BRIEF
A verbatim copy is needed of the lines below from the one containing "(1)北立面竖向次线条:前端" up to and including the one containing "Löwenfratze und Datierung", excluding pictures.

EXTRACTED ENTRIES
+ + + + +
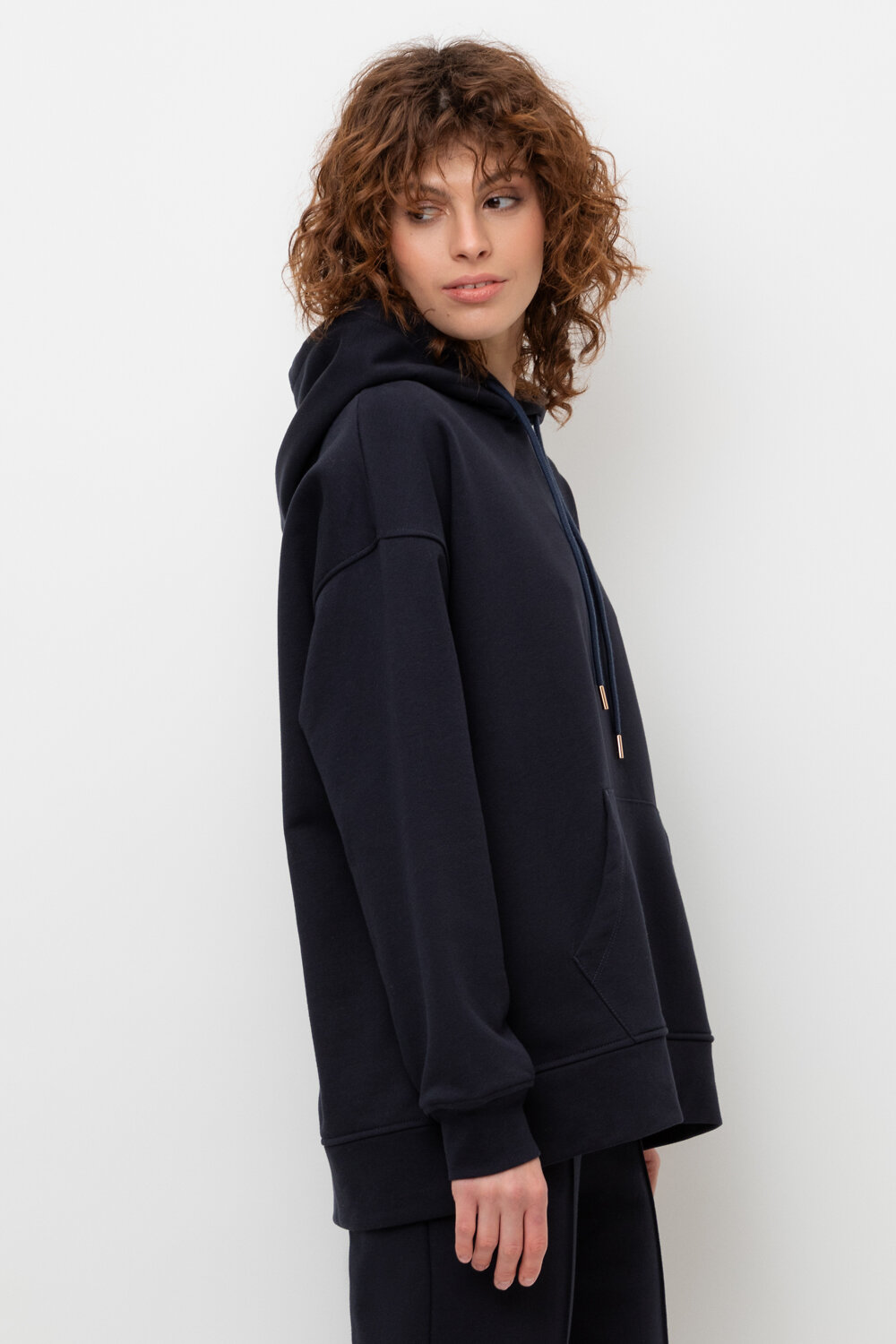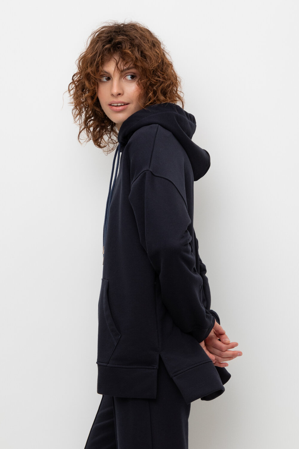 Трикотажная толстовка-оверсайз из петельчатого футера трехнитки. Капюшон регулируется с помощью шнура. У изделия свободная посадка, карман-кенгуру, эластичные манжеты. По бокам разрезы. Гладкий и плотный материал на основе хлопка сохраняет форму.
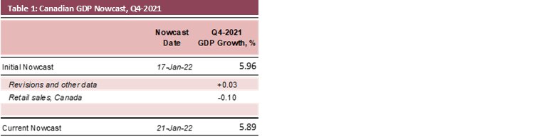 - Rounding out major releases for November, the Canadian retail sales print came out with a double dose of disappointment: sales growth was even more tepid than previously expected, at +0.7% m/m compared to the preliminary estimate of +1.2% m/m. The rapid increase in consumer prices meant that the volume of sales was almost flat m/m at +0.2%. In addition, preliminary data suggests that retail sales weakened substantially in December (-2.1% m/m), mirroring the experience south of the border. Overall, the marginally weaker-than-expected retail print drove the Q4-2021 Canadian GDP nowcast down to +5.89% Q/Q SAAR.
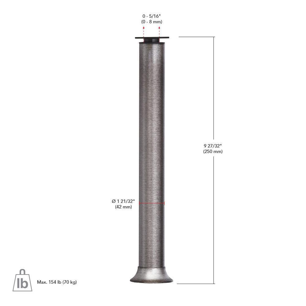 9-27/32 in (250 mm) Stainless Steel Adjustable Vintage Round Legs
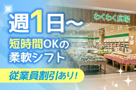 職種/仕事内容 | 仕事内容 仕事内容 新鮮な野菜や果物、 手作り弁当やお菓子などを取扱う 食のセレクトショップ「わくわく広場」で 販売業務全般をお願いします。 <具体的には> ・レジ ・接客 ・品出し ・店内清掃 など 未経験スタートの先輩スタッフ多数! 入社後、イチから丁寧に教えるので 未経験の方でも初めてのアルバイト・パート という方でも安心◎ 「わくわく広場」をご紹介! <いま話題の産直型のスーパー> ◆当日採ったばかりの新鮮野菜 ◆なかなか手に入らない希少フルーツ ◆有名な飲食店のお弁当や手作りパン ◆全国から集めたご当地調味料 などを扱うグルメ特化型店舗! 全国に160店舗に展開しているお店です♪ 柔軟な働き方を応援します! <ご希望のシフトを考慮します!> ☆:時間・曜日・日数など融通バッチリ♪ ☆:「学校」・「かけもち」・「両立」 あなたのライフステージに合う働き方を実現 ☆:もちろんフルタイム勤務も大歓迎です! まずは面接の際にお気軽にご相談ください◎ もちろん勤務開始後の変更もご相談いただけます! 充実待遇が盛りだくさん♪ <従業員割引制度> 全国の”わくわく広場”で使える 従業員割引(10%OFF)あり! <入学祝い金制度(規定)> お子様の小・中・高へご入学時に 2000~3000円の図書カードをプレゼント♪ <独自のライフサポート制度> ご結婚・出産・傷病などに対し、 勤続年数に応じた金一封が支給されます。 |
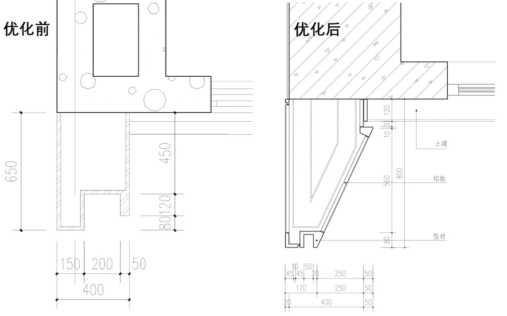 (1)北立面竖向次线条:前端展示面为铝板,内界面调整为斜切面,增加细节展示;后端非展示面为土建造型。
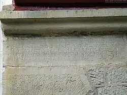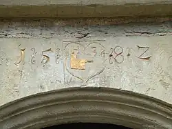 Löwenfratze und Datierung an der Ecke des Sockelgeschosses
+ + + + +
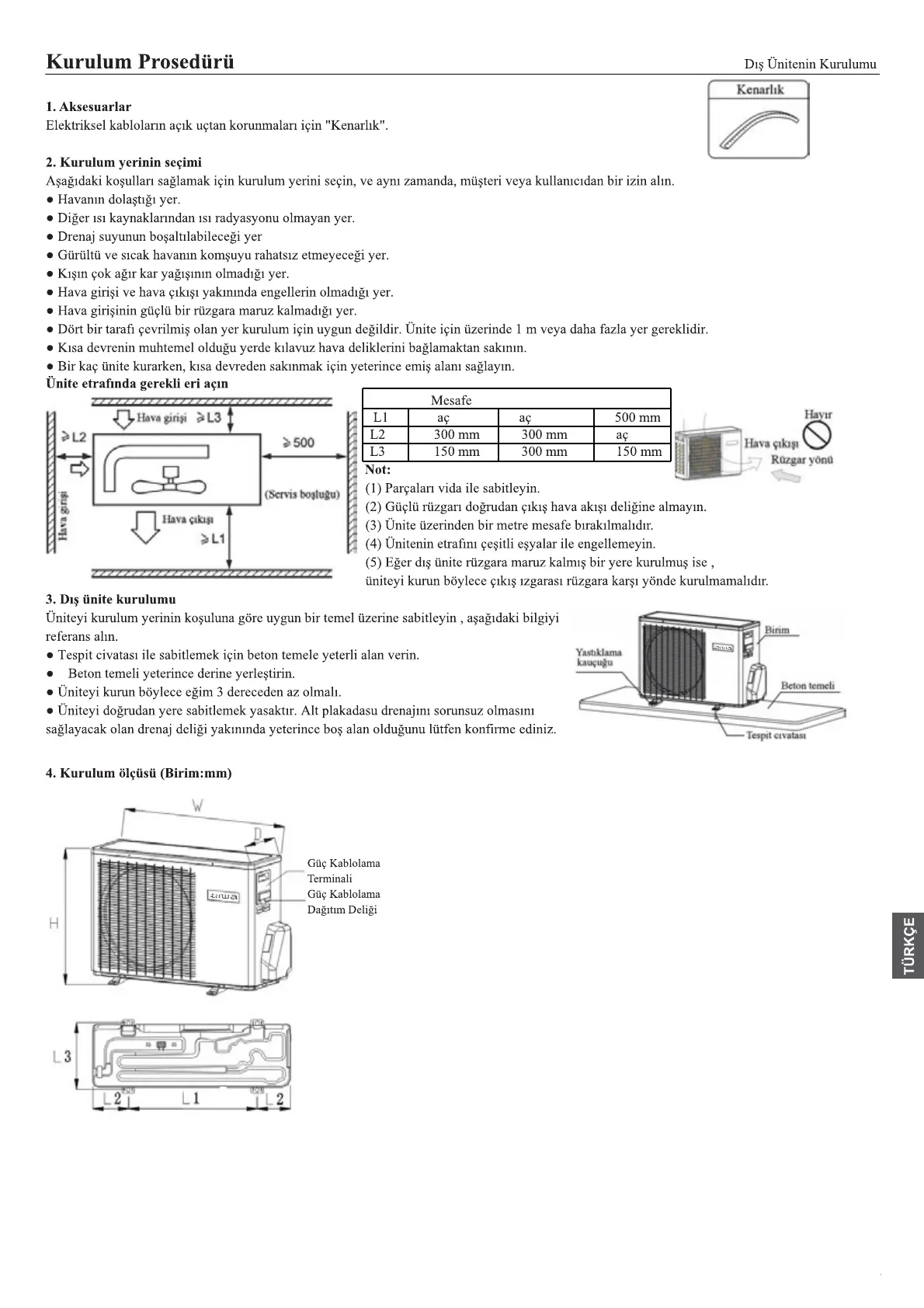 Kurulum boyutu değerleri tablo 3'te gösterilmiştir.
+ + + + +
EXERCISE ANSWER
 (1)北立面竖向次线条:前端展示面为铝板,内界面调整为斜切面,增加细节展示;后端非展示面为土建造型。
 Löwenfratze und Datierung an der Ecke des Sockelgeschosses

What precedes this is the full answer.